Protein-protein docking
(Edelsbrunner; Agarwal, Chien, Choi, Headd, Mian, Rudolph, Wang)

We have so far focused on the bound protein docking, in which one asks for determining a motion that positions one rigid protein relative to the other into the correct docked configuration. Implementation of a fast and accurate bound docking algorithm will help develop methods that add the higher dimensionality of conformational changes seen in real docking problems.

Given proteins A and B, we use a score function that approximates the van der Waals interaction by counting the pairs of atoms that are close to each other. Our goal is to find a placement for B under rigid motions that minimizes the score, while keeping the number of collisions, the pairs of intersecting atoms between A and B, below a prespecified threshold. Our algorithm works in two stages. The first stage, called the candidate generation, identifies cavities and protrusions on the surface of each protein and generates a set of candidate placements for B by matching these features. We use combinatorial Morse theory to identify cavities and protrusions on the surface of a protein. Using the features returned by the algorithm on each surface of proteins A and B, we compute a set of placements of B at which these features match sufficiently well. We rank these placements using our score function and return a fixed number of the highest ranked placements. The second stage, called the refinement stage, chooses a subset of the top ranked candidate placements and refines each of them using an iterative local-improvement algorithm, so that the score is locally maximized and the number of collisions is low.
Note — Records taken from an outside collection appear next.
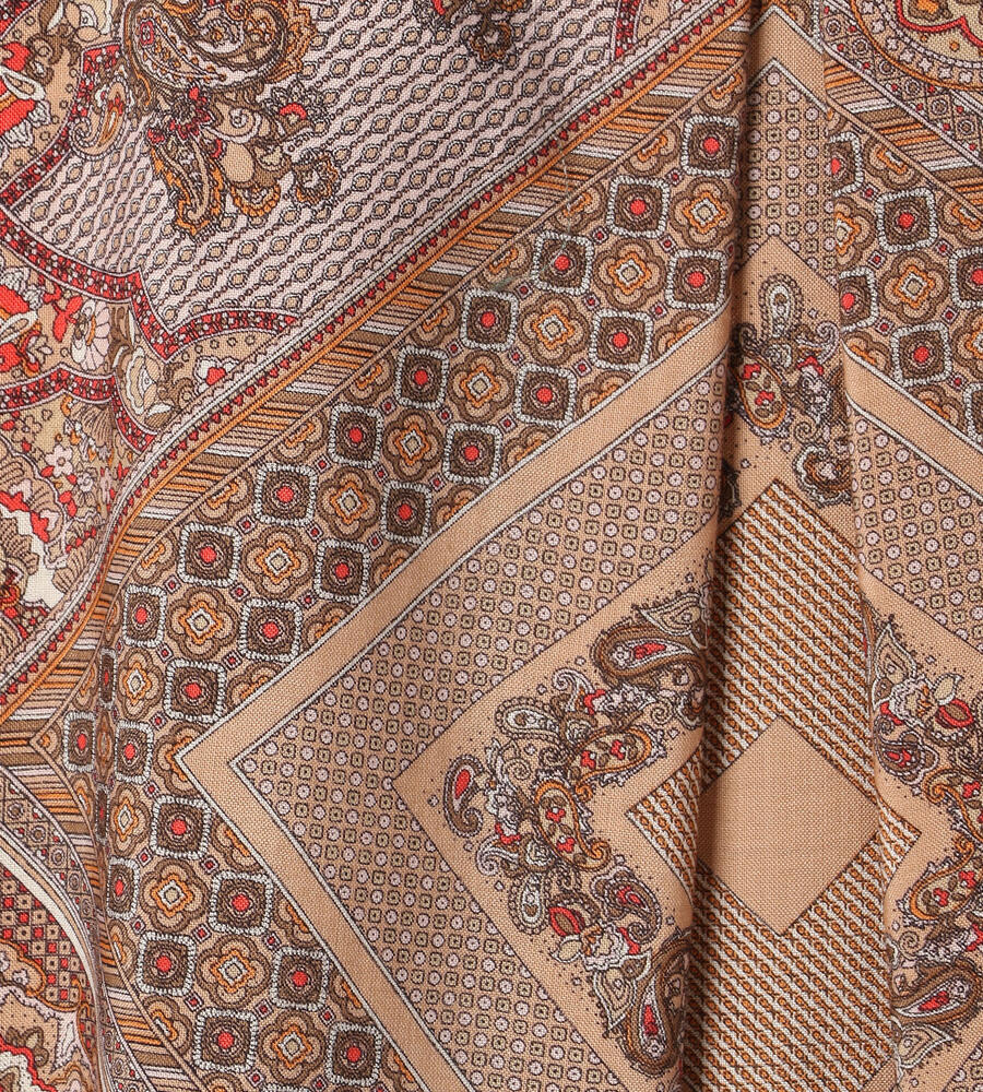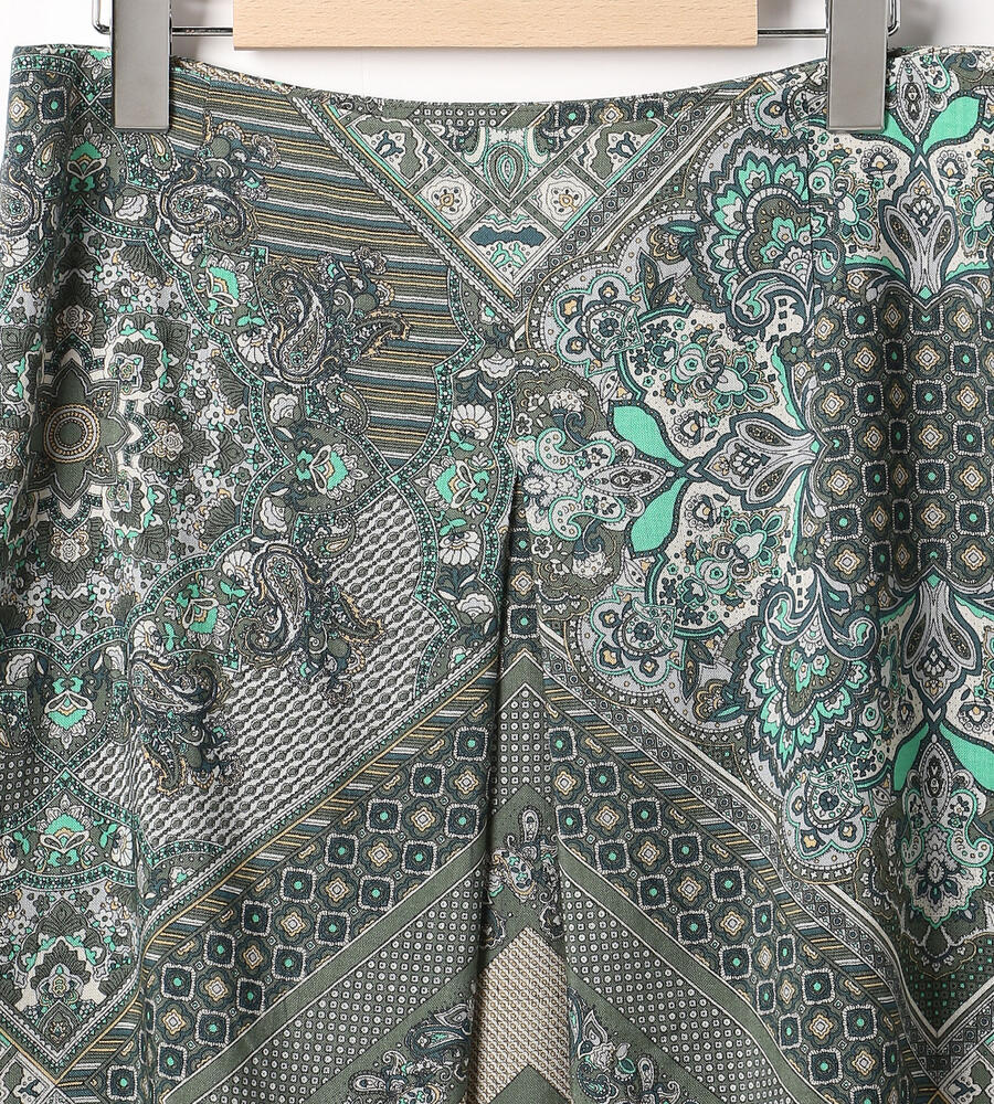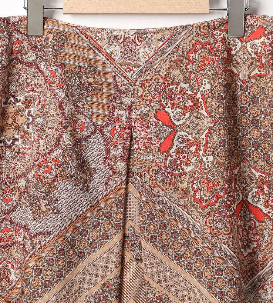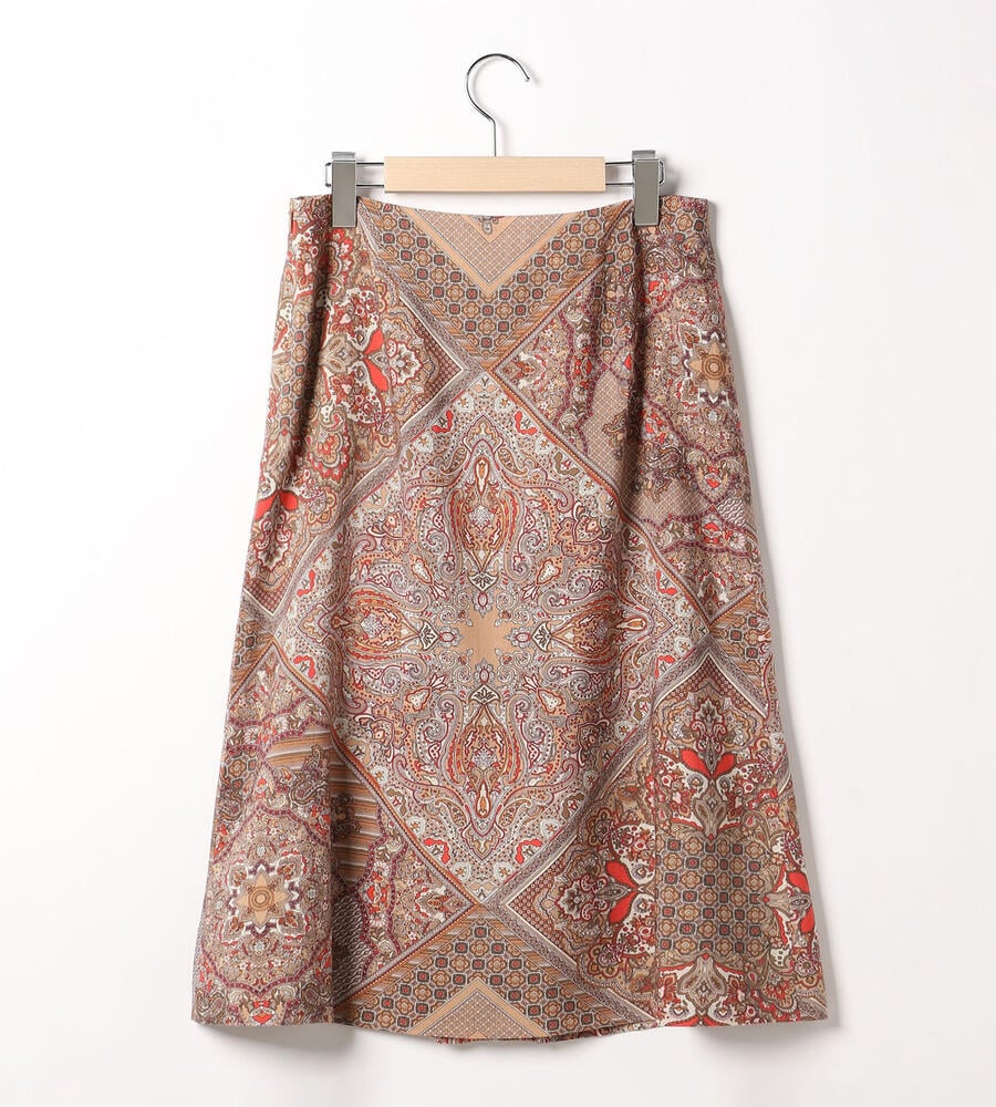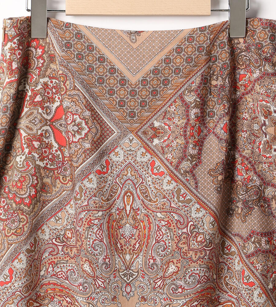 オリエンタルな美しさを放つペイズリー柄のスカートです。前面はボックスプリーツ、後面はシンプルな作り、着脱はサイドファスナー式。適度に広がるシルエットと上質感あふれる風合いが、上品で女性らしい印象を演出します。日常や通勤はもちろん、オケージョンなどの特別な日にもオススメです。
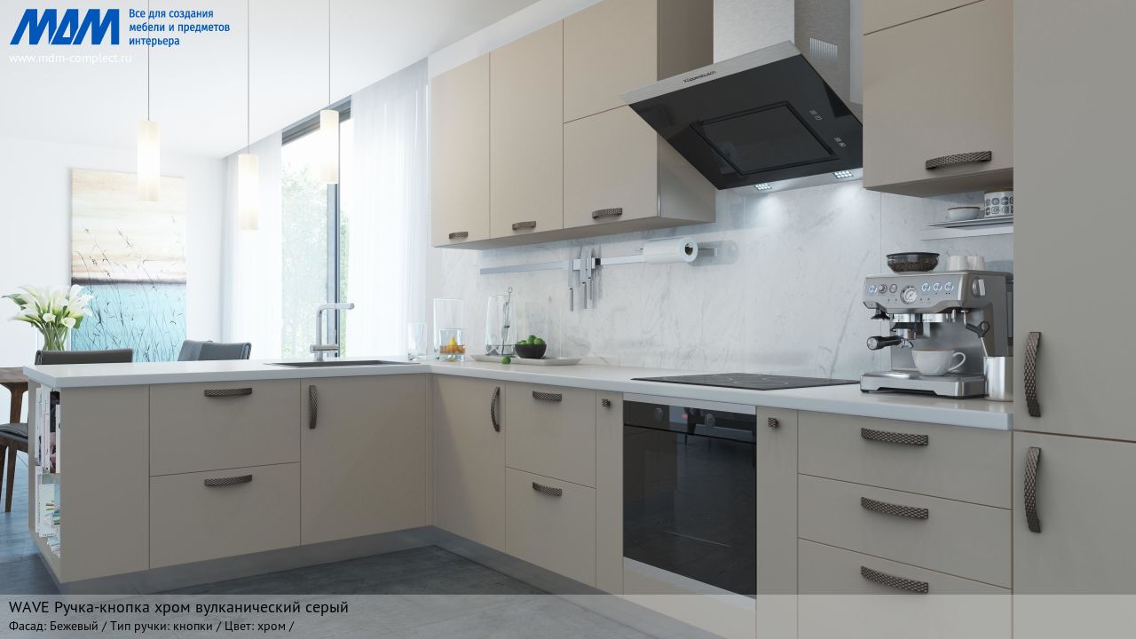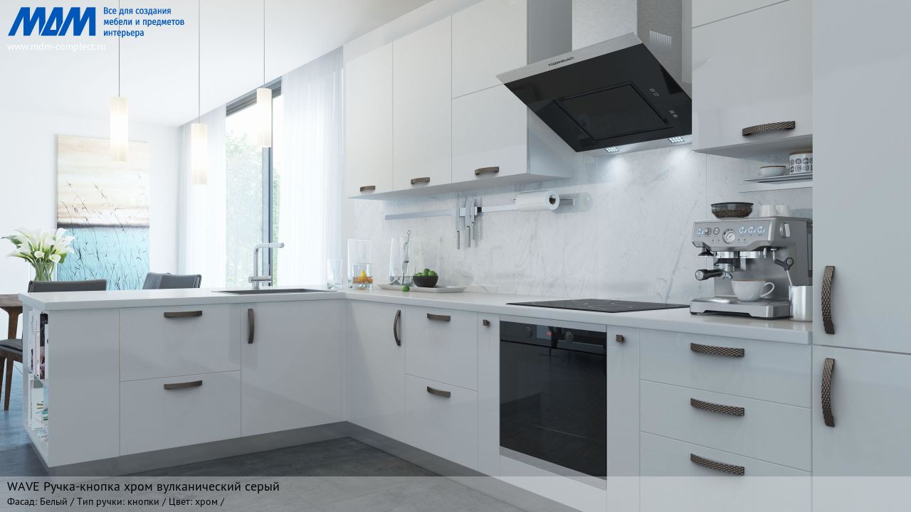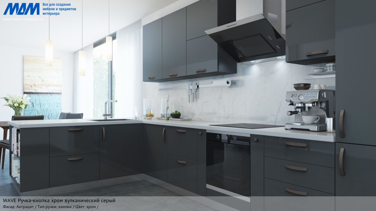 Мебельная wave ручка-кнопка хром вулканический серый на различных фасадах в кухонном интерьере в стиле модерн.
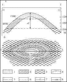 Приконтактные залежи образуются в продуктивных пластах, контактирующих с соляным штоком, глиняным диапиром или с вулканогенными образованиями. Класс литологических залежей. В составе этого класса выделяются две группы: залежи литологически экранированные (рис. 5.6, г) и залежи литологически ограниченные (рис. 5.6, д). Литологически экранированные залежи располагаются в участках выклинивания пласта-коллектора. Литологически ограниченные залежи приурочены к песчаным образованиям ископаемых русел палеорек (шнурковые или рукавообразные), к прибрежным песчаным валоподобным образованиям или же к гнездообразно залегающим породам-коллекторам, окруженным со всех сторон слабопроницаемыми породами. Класс рифогенных залежей (рис. 5.6, е). Залежи этого класса образуются в теле рифовых массивов. Залежи стратиграфического класса (рис. 5.6, ж). Формирование залежей этого класса происходило в пластах-коллекторах, до этого срезанных эрозией и стратиграфически несогласно перекрытых непроницаемыми слоями более молодого возраста. Залежи стратиграфического класса могут быть обнаружены в антиклинальных, куполовидных и моноклинальных структурах. К ним относят и залежи, приуроченные к выветрелой части погребенных выступов кристаллических пород фундамента.
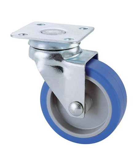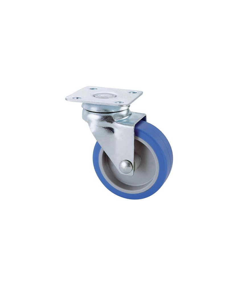 Supporto in acciaio stampato rotante su doppia corona di sfere. Finitura zincocromata. Ruota in gomma sintetica flangiata in termoplastico.
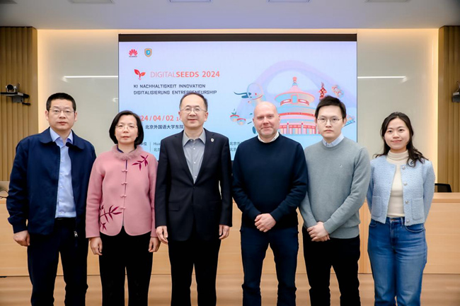 4月2日,华为德国“数字种子项目2024”中德交流活动在球王会体育官方网站举行。北外党委副书记、副校长贾文键,华为德国企业沟通部副总裁宋可腾(Carsten Senz)出席活动。北外球王会体育官方网站党总支书记、院长吴江,党总支常务副书记李勇参与交流活动。活动由北外球王会体育官方网站副院长寇蔻以及球王会体育官方网站本科生联合主持。
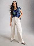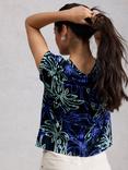White Stuff Nelly Floral Notch Neck T-Shirt, Blue/Multi
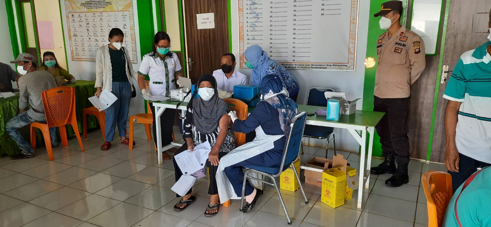 Dengan total peserta Vaksin sebanyak 29 orang yang meliputi; Dosis 3 Bosster Lansia pfizer, Dosis 1 Pfizer, Dosis 1 Sinovac, dan Dosis 2. Pelayanan Vaksin Covid-19 dilakukan oleh nakes dan tim Vaksinator Puskesmas Sanggau Ledo
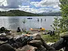 FLOTT UKE. Godt vær skapte en flott ramme rundt årets Villmarkscamp i Beiarn. Her er de ved Lille Ramskjellvatn der det var både bading og padling - og selvsagt bål.
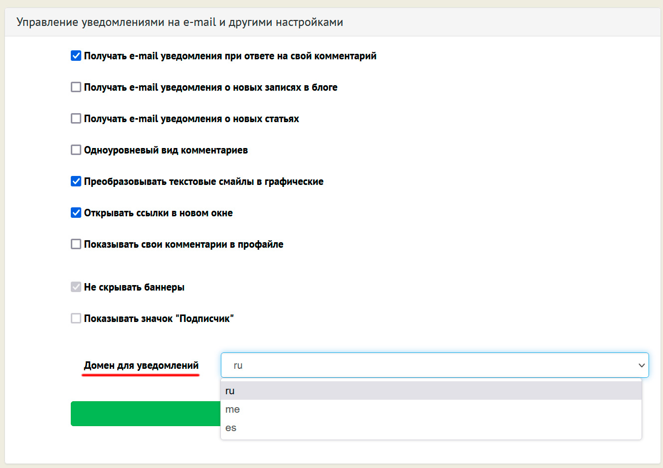 По просьбам трудящихся сделали так, чтобы в личном кабинете пользователя в настройках можно было выбирать, с какого именно домена отправлять все уведомления (и внутренние ссылки будут с соответствующего домена).

We measure the success of our algorithm by testing it on known structures of protein complexes and by measuring the rms distance between the native configuration of B and the configuration of B computed by the algorithm. We have tested the two-stage approach on a collection of 17 protein complexes. At the end of the first stage, our algorithm returns 100 configurations for B. We then run the local improvement algorithm on each configuration and rerank the set of output by the improved scores. For all of the 17 protein complexes, the configuration with highest score after the second stage has a low rms distance. In particular, for 10 out of the 17 cases, the rms distance of the top-scored configurations is less than 1.0A. For five of the remaining cases, it is below 1.5A, and for the last two, it is around 2.5A. For all protein complexes, including the last two cases, the local improvement algorithm significantly reduces the number of collisions and increases the score of near-native configurations.